11/09/2016 8:01 AM AEST | Updated 12/09/2016 6:03 AM AEST

Man Charged With Sydney Stabbing 'Inspired By ISIS': Police

The 22-year-old has been detained by counter terrorism police.

Supplied via Fairfax
Police are investigating after a man was stabbed in Minto.

A 22-year-old man charged with committing a terrorist act and attempted murder after allegedly stabbing a man in Sydney's southwest was inspired by Islamic State.

The horrific incident took place on Ohlfsen Road in Minto on Saturday afternoon when 59-year-old Wayne Greenhalgh was walking his dog when he was stabbed multiple times.

Facebook / Fairfax Media
Wayne Greenhalgh was stabbed in suburban Minto.

Greenhalgh was treated at the scene by ambulance paramedics before being taken by helicopter to Liverpool Hospital suffering serious injuries.

The Sydney Morning Herald reported he had a punctured lung and other deep lacerations, needing more than six hours of surgery on Saturday night.

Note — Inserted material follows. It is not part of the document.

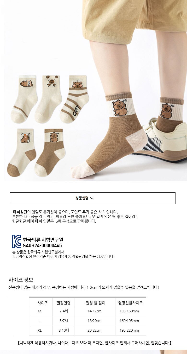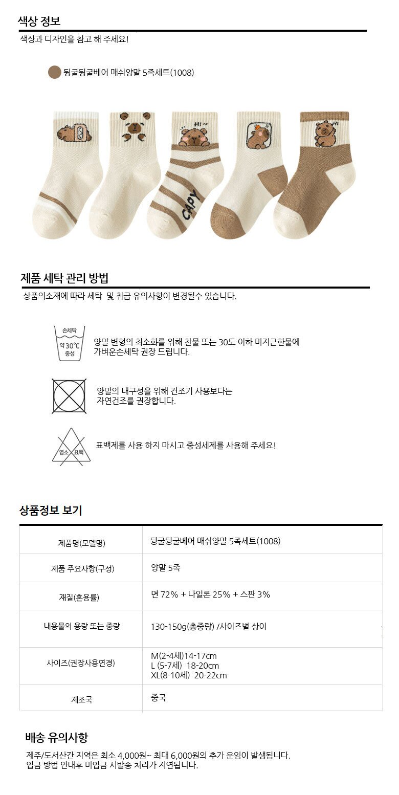 뒹굴뒹굴베어 매쉬양말 5족세트(1008)
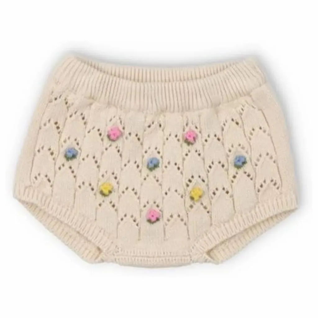 - Bloomer en tricot avec structure et détails floraux. Il est doté d’une ceinture et de poignets côtelés. Parfait à combiner avec le cardigan et le bonnet assortis.

Later on Saturday, officers from Macquarie Fields LAC arrested a man, 22, in the Minto area. When police approached him he allegedly tried to stab an officer and had to be subdued with a taser.

The man was subsequently charged with committing a terrorist attack and attempted murder by the Joint Counter Terrorism Team.

The acused man has been named in media as Ihsas Khan. He was formally refused bail on Sunday and the case was adjourned to Wednesday.

Speaking on Sunday, NSW Police Force Deputy Commissioner Catherine Burn said authorities believed the alleged assailant was inspired by Islamic State.

"We will be alleging before the court that this was an act that was inspired by ISIS," Burn told reporters in Sydney.

"We know that this person has strong extremist beliefs inspired by ISIS.

"What made him actually act yesterday, we don't know. But hopefully, our further investigations will uncover that. It was deliberate. It was violent."

She described the attack as "the new face" of terrorism, saying the alleged assailant was known to police but that he was not believed to be directly connected to known terror groups.

Burn said local police knew that the man "had some problems" but that he had not been "front and centre" of authorities' work.

She said there appeared to be a degree of planning in the attack and that the situation could have been much worse.

The attacker did not know the victim but had formed a view about him, she said.

Police earlier said they seized a large knife for forensic examination.

Network Seven reported that the charged man is well known in the local community for his extreme religious views.

It has also been reported that Witnesses heard the 22-year-old man shouting in Arabic during and after the attack.

In a statement, police moved to calm fears of more attacks, saying there was no "ongoing threat in relation to this incident".

On Sunday afternoon, Attorney-General George Brandis paid tribute to bystanders who helped the stabbed man.

Brandis said he wanted to "thank members of the community who as bystanders returned ... to assist the victim of the attack".

"They acted heroically and we should all be in their debt," he told reporters in Brisbane.

Brandis confirmed that the accused knifeman was known to authorities.

He also said 2 pieces of anti-terror legislation would be introduced into parliament this week to toughen up existing laws on control orders and post sentence detention.